Symmetry Augmentation Experiment
Question
Does Blue/Gold symmetry augmentation provide structural value beyond simply having more training data?
Background
Killer Queen has perfect Blue/Gold symmetry: any game state with Blue
holding resources X and Gold holding resources Y is strategically
equivalent (from the opposite perspective) to Blue having Y and Gold
having X. The symmetry.swap_teams(X, y) function exploits this by
permuting the 52-feature vector (swapping blue[0:20] with gold[20:40],
negating maiden control and snail direction) and flipping the label.

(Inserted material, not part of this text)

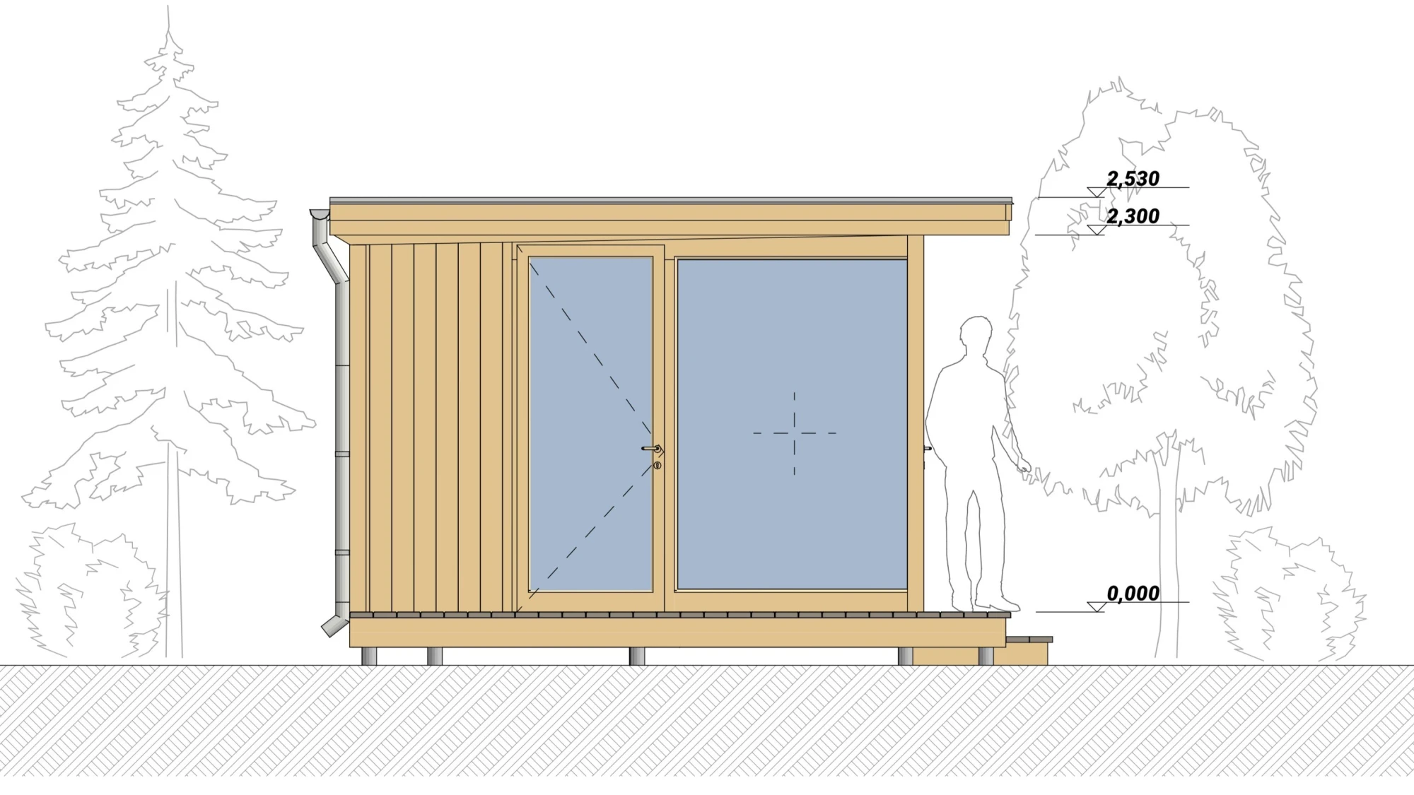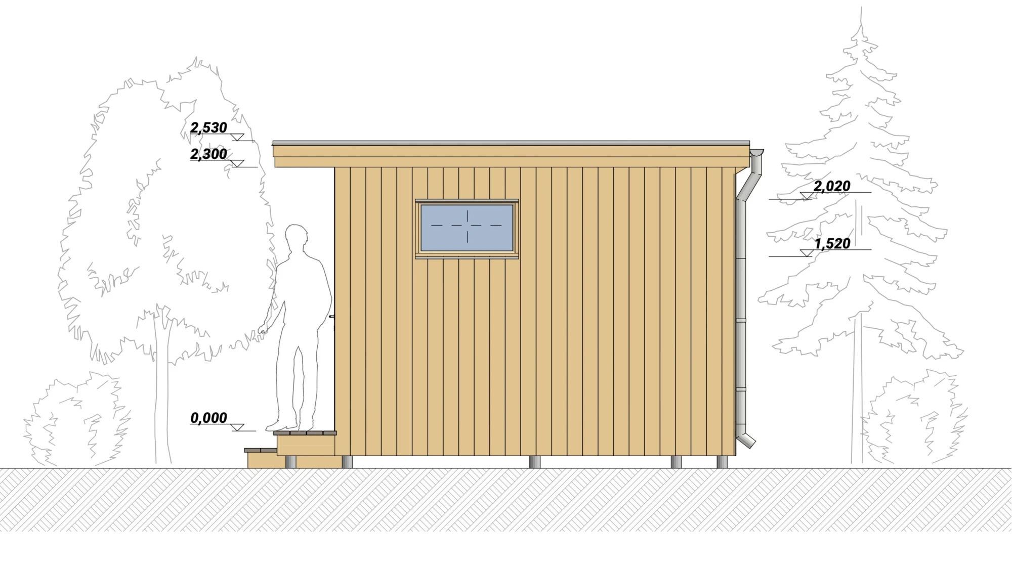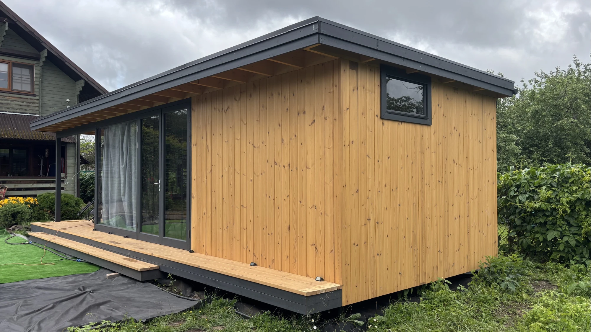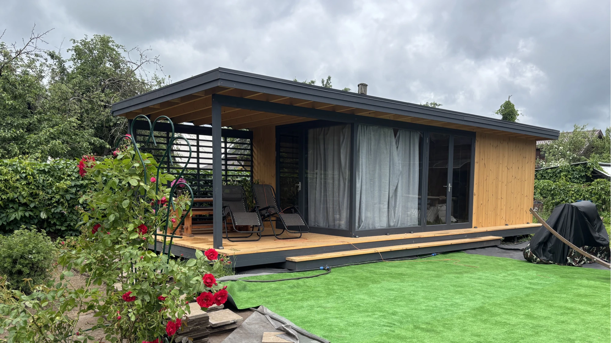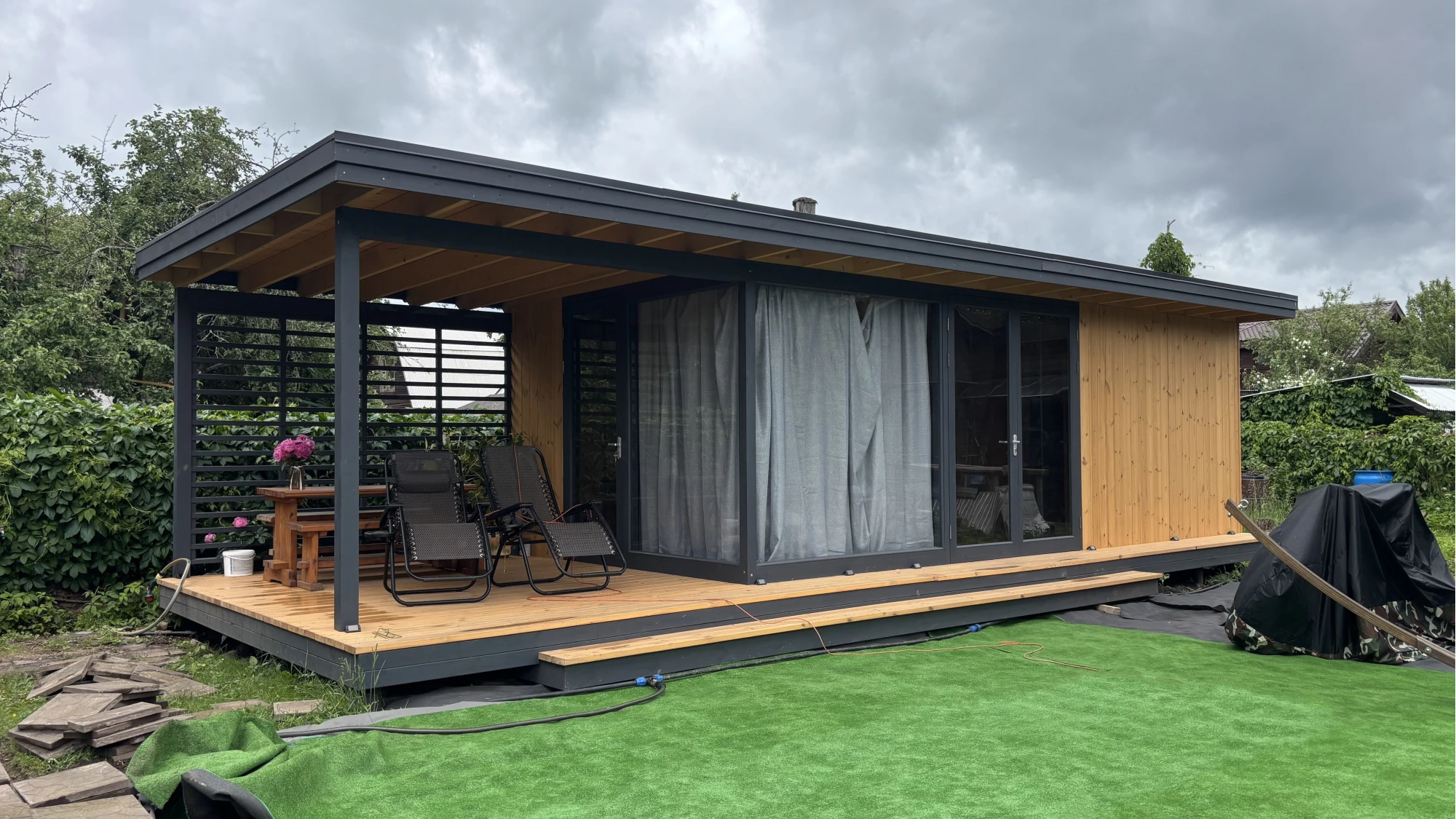 Особенностью павильона является гармоничное сочетание закрытой и открытой частей. Закрытая зона с панорамным остеклением размером 7,1х3,5 м позволяет наслаждаться природой в любое время года, сохраняя тепло и уют внутри. Внутри предусмотрено дополнительное помещение размером 1,7х3,5 м с небольшим окном — его можно использовать как кладовую, зону хранения или компактный рабочий кабинет.

This creates "free" training data, but the question is whether it helps the model learn the invariance, or just acts like more rows.
Design
Three conditions, all trained with LightGBM (200 leaves, 200 trees):
| Condition | Construction | Rows |
|---|---|---|
| X | 100k random training rows | 100,000 |
| X + sym(X) | same 100k + their symmetry-swapped copies | 200,000 |
| 2X | 200k random training rows (X + 100k fresh) | 200,000 |
X + sym(X) and 2X have the same row count, so any difference isolates the effect of symmetry structure vs. raw data volume.
Test set: 1,666,521 holdout rows (unchanged across conditions).
Results
| Condition | Train Size | Log Loss | Accuracy | Sym Consistency | Egg Inv |
|---|---|---|---|---|---|
| X (100k) | 100,000 | 0.5780 | 68.7% | 0.0829 | 7.15% |
| X + sym(X) | 200,000 | 0.5708 | 69.0% | 0.0396 | 5.75% |
| 2X (200k) | 200,000 | 0.5709 | 69.1% | 0.0639 | 5.85% |
Symmetry consistency = mean |P(state) + P(swap(state)) - 1|; 0 is perfect.
Key Comparisons
| Comparison | Log Loss Delta | Sym Consistency |
|---|---|---|
| X+sym(X) vs X (augmentation helps?) | -0.0073 | 0.0396 vs 0.0829 (2.1x better) |
| X+sym(X) vs 2X (symmetry vs data?) | -0.0002 | 0.0396 vs 0.0639 (1.6x better) |
| 2X vs X (more data helps?) | -0.0071 | 0.0639 vs 0.0829 (1.3x better) |
Conclusions
-
Log loss: X+sym(X) and 2X are essentially tied (0.5708 vs 0.5709). Symmetry augmentation matches the predictive benefit of 2x real data.
-
Symmetry consistency: X+sym(X) is substantially better than 2X (0.0396 vs 0.0639). The augmented model's predictions are 1.6x more self-consistent under Blue/Gold swap. This is structural value that more raw data alone does not provide.
-
Recommendation: Use symmetry augmentation in production training. It's free (just a numpy permutation + sign flip), adds no real compute cost, and produces a model that better respects the game's inherent symmetry without sacrificing predictive accuracy.